The State Bank's major responsibility is to contain inflation however the 27 July MPS reiterates its earlier claims that "the recent decline in inflation is consistent with the MPC's view that recent price pressures are largely supply-driven and transient. Headline inflation should begin to dissipate more visibly in the second half of the year when the February electricity tariff increase drops out of the base, converging to the 5-7 percent target range over the medium-term.
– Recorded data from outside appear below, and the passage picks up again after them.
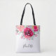 Puedes regalar esta hermosa bolsa de té personalizada con vibrantes flores en tonos rosa y crema y personalizada en letras de moda a damas de honor, amigos o para ti. ELEMENTOS COINCIDENTES EN nuestra tienda.
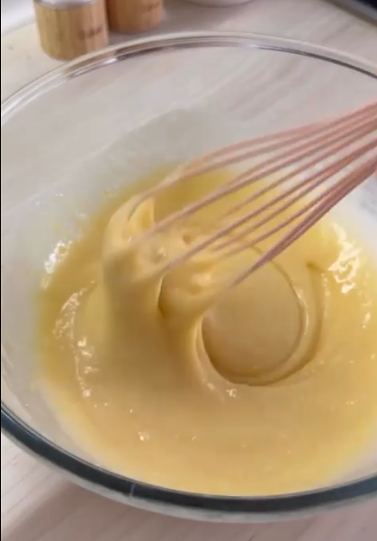 2.Влити молоко, додати вершкове масло та просіяне борошно, перемішати до однорідності.
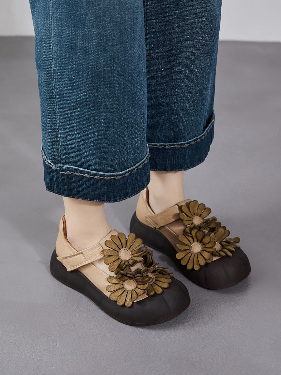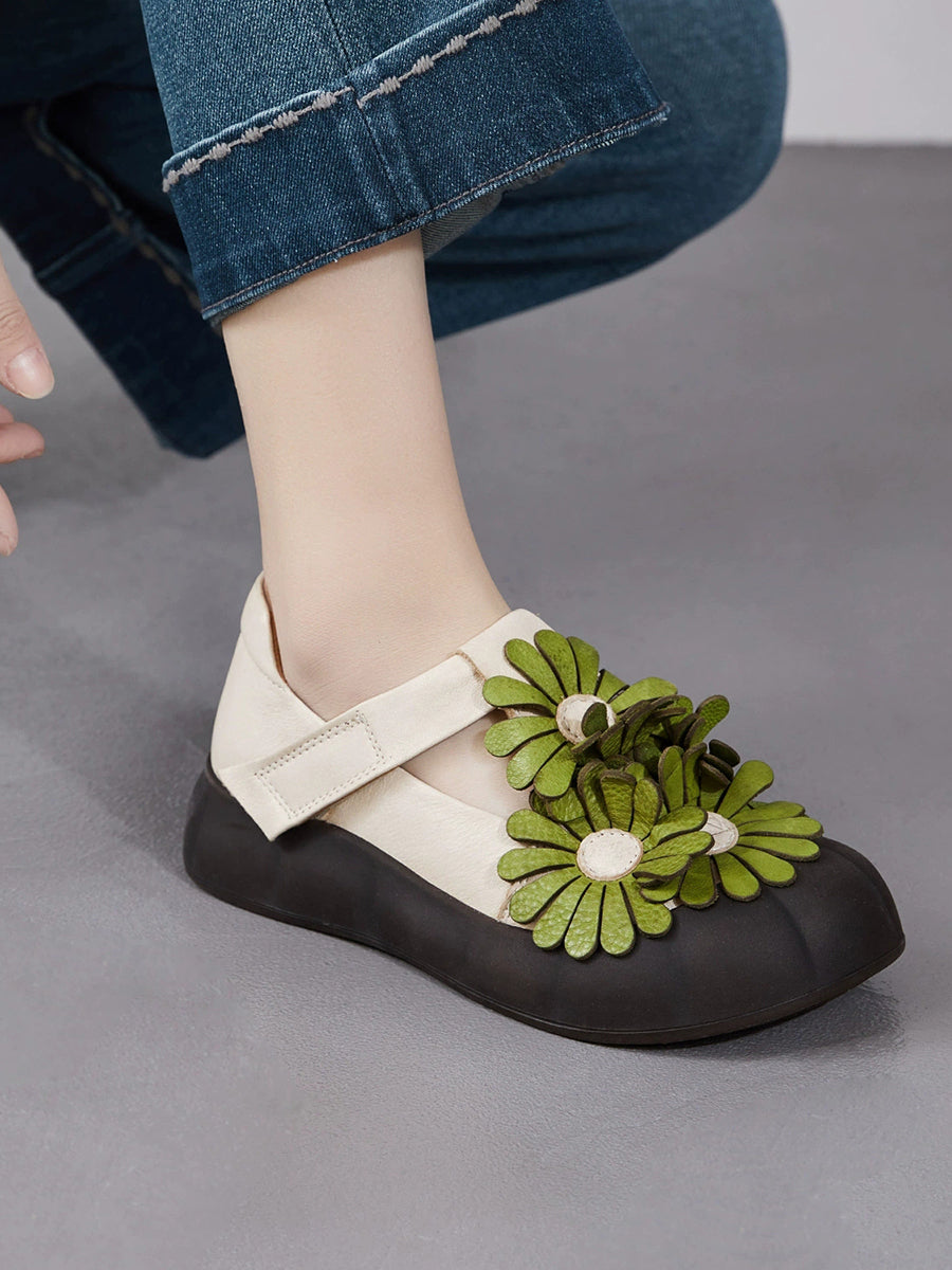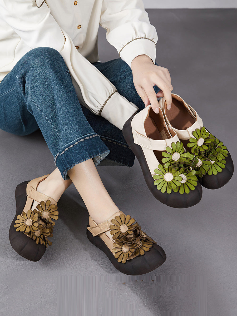 Women Summer Retro Genuine Leather Flower Shoes

Conversely, risks that could raise

inflation include higher-than-expected global commodity prices, especially if these are coupled with upward adjustments in the PDL or domestic energy tariffs, as well as fiscal slippages that lead to stronger demand-side pressures through the year." This statement raises three major concerns as not mentioned: (i) the rupee erosion impacting on higher input/raw material/fuel prices with respect; (ii) heavy reliance on debt to shore up foreign exchange reserves (though it is noted that around 20 billion dollars of external financing needs are expected to be more than fully met not through exports and remittances) the desired form of foreign exchange inflows but through healthy commercial (at a very high interest rate with a small amortization period that is jacking up the budget deficit - a highly inflationary policy), official (dependent on the sixth IMF review being conclusive), portfolio (inflows including Roshan Digital Account due to the yields on offer being more than double those on offer by other countries), and Foreign Direct Investment inflows (with China by far the largest contributor though it requires sovereign guarantees which accounts for the government upping the previous limit of sovereign guarantees from 2 percent of GDP to 10 percent); and (iii) the reference to electricity tariff has stumped all power sector experts and requires a clarification.
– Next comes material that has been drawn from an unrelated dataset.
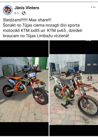 Motosportists Jānis Vinters raksta, ka dzirdēts, ka ar motocikliem esot braukuši Tūjas - Limbažu virzienā. Viņš atklāja, ka nozagtie ir viņa dēlu Artūra un Roberta sacensību motocikli. "Vasarnīcā tos sagatavoju mačiem, sakrāvos, iespodrināju, bet nu tie ir prom," pārdzīvo Vinters.
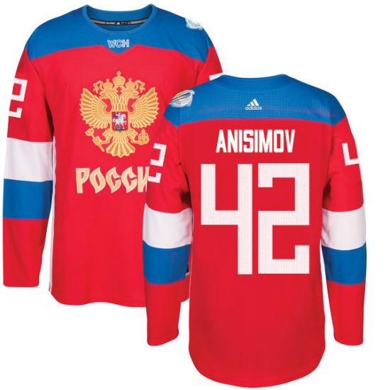 Home>NHL>Team Russia>Artem Anisimov>Men's Adidas Team Russia #42 Artem Anisimov Authentic Red Away 2016 World Cup of Hockey Jersey

The MPS noted that "if balance of payments pressures were to emerge, some normalization of monetary policy may also be needed, especially if demand side pressures are at play." These include (i) the stock of quasi money (the energy sector circular debt of 2.5 trillion rupees today); and (ii) fiscal deficit with the decision to adjust petroleum levy noted as a possible contributor to inflation - which has been unsustainable for the past three years requiring heavy domestic and external borrowing - the inordinate focus of the MPS.

To conclude, the MPS must desist from passing on the buck to the Ministry of Finance or on large scale collusion (referred to as the mafia by the Prime Minister). The issue is also not one of having an accommodative policy and/or currency erosion that may or may not be at variance with other EMs with low vaccination rates; but one of careful calibration before taking decisions which recognize that less than half a percent fall or rise in the discount rate can impact on major macroeconomic indicators as can a less than half a percent rise or fall in the currency value - an exercise which requires expertise in building econometric models.